Thursday, June 26, 2008

Why Al-Qaeda Can't Compete Online...

During the 1990s, the internet was a haven for Al-Qaeda and other terrorist organizations who were able to flourish due to the anonymity which the Web provided as well as its low-cost methods for information dissemination.

Thankfully, it's not the 90s anymore.

As Daniel Kimmage writes in the New York Times, Al-Qaeda is now way behind the curve. The internet of today (known in "wired" circles as Web 2.0) is based on user-generated content and social-networking. Think of YouTube, MySpace, Facebook, Wikipedia, Twitter, the millions of blogs, and all of the other most popular and used sites on the internet. Their power is based, not on anonymity, but on creating interactive forums for individuals to create and share their own materials. To use Yochai Benkler's terminology, it is a democratic system of non-market social production.

Which is why groups like Al-Qaeda can't compete anymore. To see a powerful demonstration of just how outdated the groups' tactics have become, consider the following:

In late 2006, with YouTube and Facebook growing rapidly, a position paper by a Qaeda-affiliated institute discouraged media jihadists from overly "exuberant" efforts on behalf of the group for fear of diluting its message.


No one paying attention the last few years could believe that such a command-and-control approach is feasible in the Web 2.0 world. Restraining people's voices in cyberspace, and trying to keep people "on message" has indeed become a ridiculous notion in such a democratized forum.

All of which belies an important, if too often overlooked, point - the majority of human beings on Planet Earth believe that these people are, indeed, maniacs! The September 11th attacks may have given Al-Qaeda a disproportionately large platform and sense of importance, but in cyberspace, where millions of individual voices express themselves and create content every day on an equal playing field, those individuals, in the aggregate, ultimately have the effect of drowning out the voices of the terrorists and extremists.

Kimmage is exactly right is stating, "Social networking, the emerging hallmark of Web 2.0, can unite a fragmented silent majority and help it to find its voice in the face of thuggish opponents, whether they are repressive rulers or extremist Islamic movements."

The primary reason why the internet was originally hailed as The Great Democratizer is its unparalleled ability to give the masses real power over information - not only the information they consume, but also, and perhaps more importantly, the information they create.
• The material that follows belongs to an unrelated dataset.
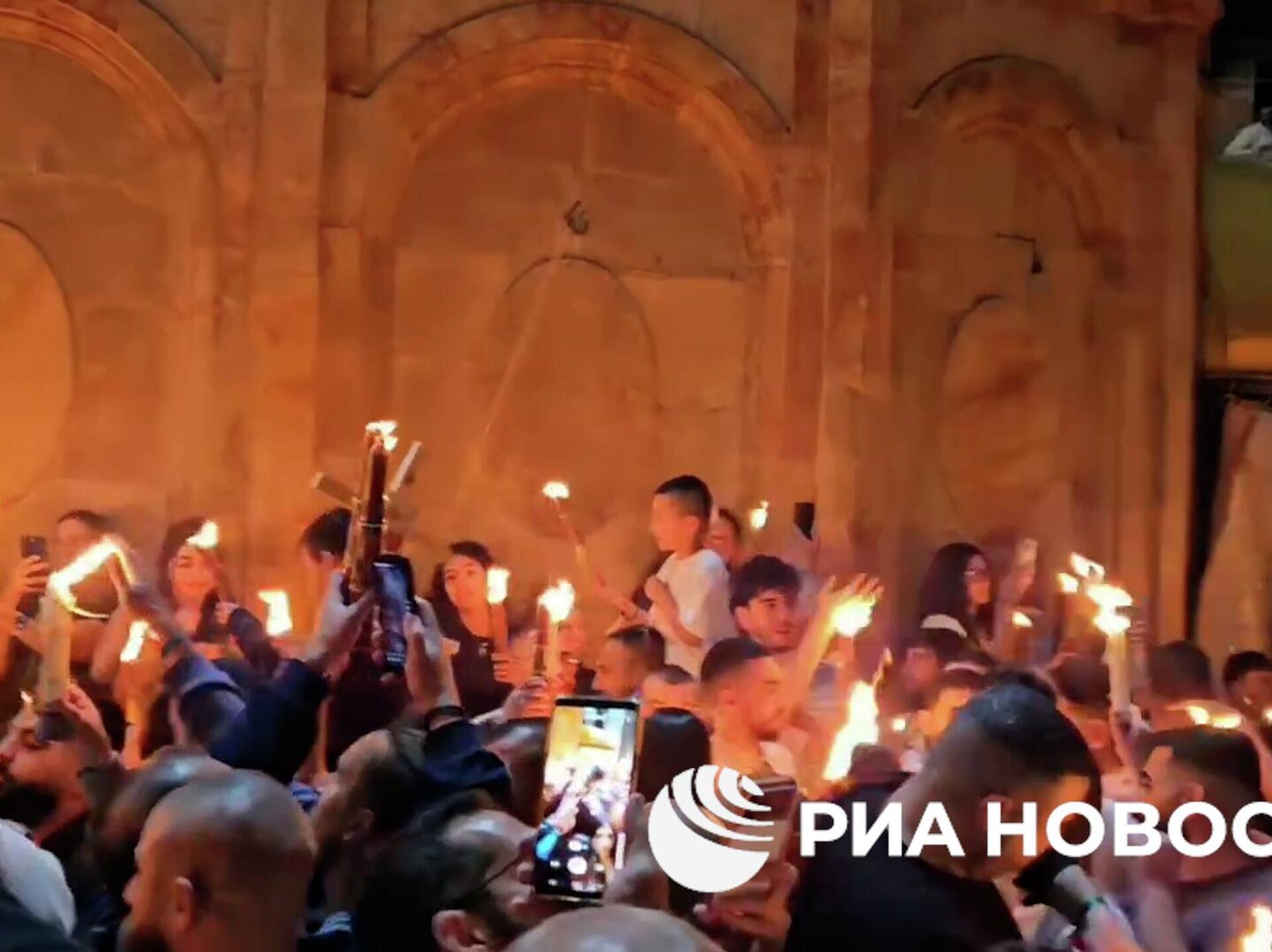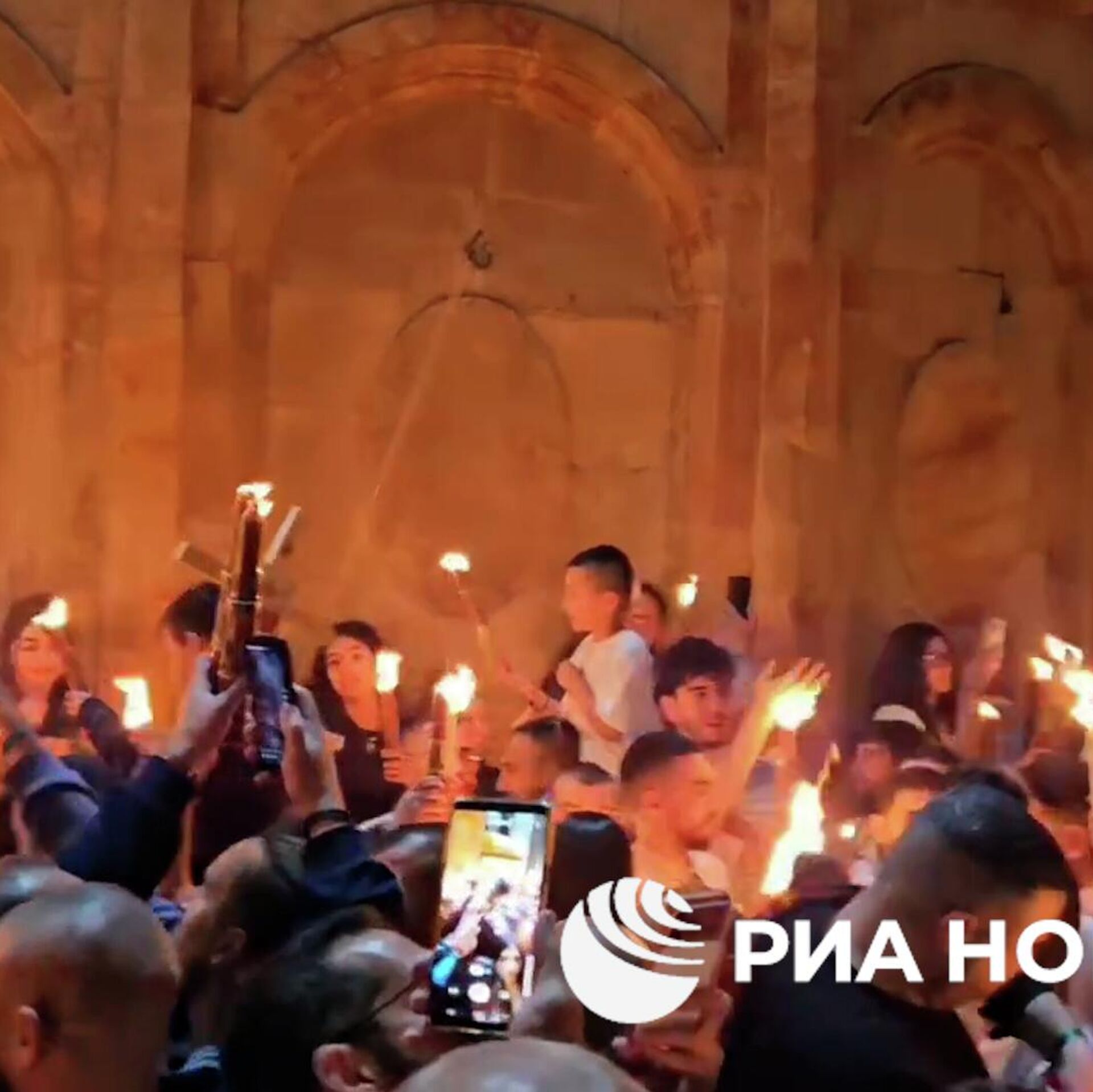 Тысячи верующих в храме Гроба Господня в Иерусалиме дождались схождения благодатного огня, который символизирует выход из Гроба Света Истинного, то есть воскресшего Иисуса Христа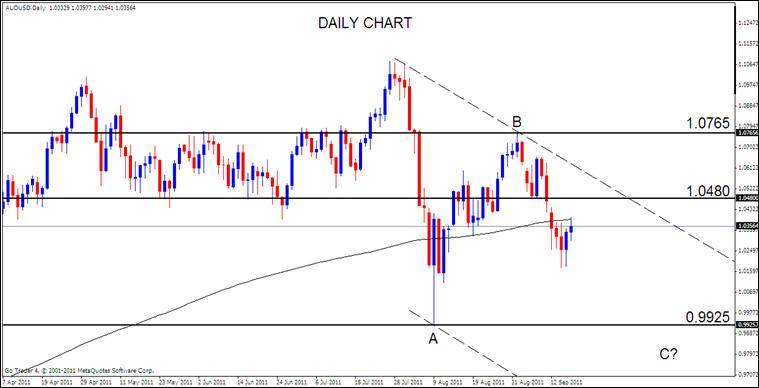 FUNDAMENTALS: Last week, as the Dow Jones Industrial Average rallied by 4.70%, the Aussie fell by 1.00% against the U.S. Dollar. This suggests that equity markets are entirely too bullish and are due for a retracement while the technicals are pointing towards further AUDUSD losses. The week ahead will unlikely provide any relief for the Aussie, at least on a fundamental basis. The minutes from the Reserve Bank of Australia meeting on September 6th are due on Tuesday. At the meeting, the Board of the Reserve Bank of Australia voted to leave the cash rate unchanged at 4.75%. RBA Governor Glenn Stevens noted that “conditions in global financial markets have been very unsettled overrecent weeks and as a result, the outlook for the global economy is less clear than it was earlier in the year.” Governor Stevens’ statement included a note that some “temporary impediments to growth, such as the supply-chain disruptions from the Japanese earthquake as well as higher commodity prices, were lessening.” The statement afterwards also suggested that “employment has been moderate this year, while CPI inflation should start to decline” Given these observations, it appears that the RBA is becoming increasingly dovish. While concerns over the Australian economy are limited in scope, any pullback in Australian growth is likely to be provoked by broader global macro-economic trends. This has translated into a weaker Australian Dollar over the third quarter of 2011, as interest rate expectations have deteriorated sharply inrecent weeks. This sentiment will likely be confirmed in the minutes from the meeting, and with any future rate hikes essentially off the table at this point, it will take a significant upturn in broader global macro-economic indicators to fuel the risk rally and thus boost the Aussie.

As a result, the loudest voices are no longer the most significant. It's the sheer numbers of voices that are.

It's in this respect that Al-Qaeda can't compete in modern information warfare. In a Web 2.0 cyber space based on user-generated content, the best ideas will naturally rise to the top, while the more extreme will be relegated to the sidelines. And having the better ideas is something that Al-Qaeda will never be able to legitimately claim.
  

2 Comments:

At 2:50 PM, Blogger Terence Armentano, M.Ed. said...

Great post Rob! I couldn't agree with you more. I think one of the problems with countries that forcefully attempt to control information is that they create a culture of ignorance, and ignorance breeds stereotypes and prejudices. Hopefully people will fight for their freedom to access the world wide web so they can connect to ideas outside of their government approved, spoon-fed beliefs.

 
At 3:00 PM, Blogger Rob Domanski said...

Thanks for the thoughtful comment, Terence. You definitely hit on a theme that I strongly agree with... governments and organizations that do NOT rely on propagating stereotypes and prejudices have nothing to fear from open dialogue and transparency.